# Ranking and Relevance
Typesense ranks search results using a simple tie-breaking algorithm that relies on two components:
- String similarity.
Typesense computes a string similarity score based on how much a search query overlaps with the fields of a given document. Typographic errors are also taken into account here. Let's see how.
When there is a typo in the query, or during prefix search, multiple tokens could match a given token in the query. For e.g. both “john” and “joan” are 1-typo away from “jofn”. Similarly, in the case of a prefix search, both “apple” and “apply” would match “app”. In such scenarios, Typesense would use the value of the
default_sorting_field field to decide whether documents containing "john" or "joan" should be ranked first.

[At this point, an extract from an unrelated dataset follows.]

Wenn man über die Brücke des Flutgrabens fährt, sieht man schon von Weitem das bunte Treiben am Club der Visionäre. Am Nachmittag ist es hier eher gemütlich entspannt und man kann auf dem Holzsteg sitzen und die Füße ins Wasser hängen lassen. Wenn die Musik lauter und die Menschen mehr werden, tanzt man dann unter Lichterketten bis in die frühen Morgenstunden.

When multiple documents share the same string similarity score, user-defined numerical fields are used to break the tie. You can specify up to two such numerical fields.

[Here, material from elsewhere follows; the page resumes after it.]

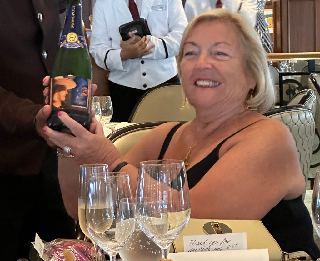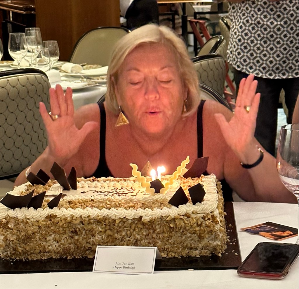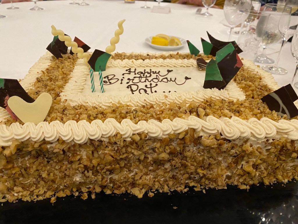 I celebrated my #$%# birthday in Penang, Malaysia on board Insignia on the Around the World cruise. There were friends on board from the 2018 and 2020 cruises, plus new friends made on this cruise. It was a wonderful evening in the Grand Dining Room with about 36 friends and the most delicious carrot cake I have ever tasted. A fun evening for all, but especially for me. I am blessed.

For example, let's say that we're searching for books with a query like
short story. If there are multiple books containing these exact words, then all those documents would have the same string similarity score.
To break the tie, we could specify up to two additional
sort_by fields. For instance, we could say,
sort_by=average_rating:DESC,publication_year:DESC. This would sort the results in the following manner:
- All matching records are sorted by string similarity score.
- If any two records share the same string similarity score, sort them by their average rating.
- If there is still a tie, sort the records by year of publication.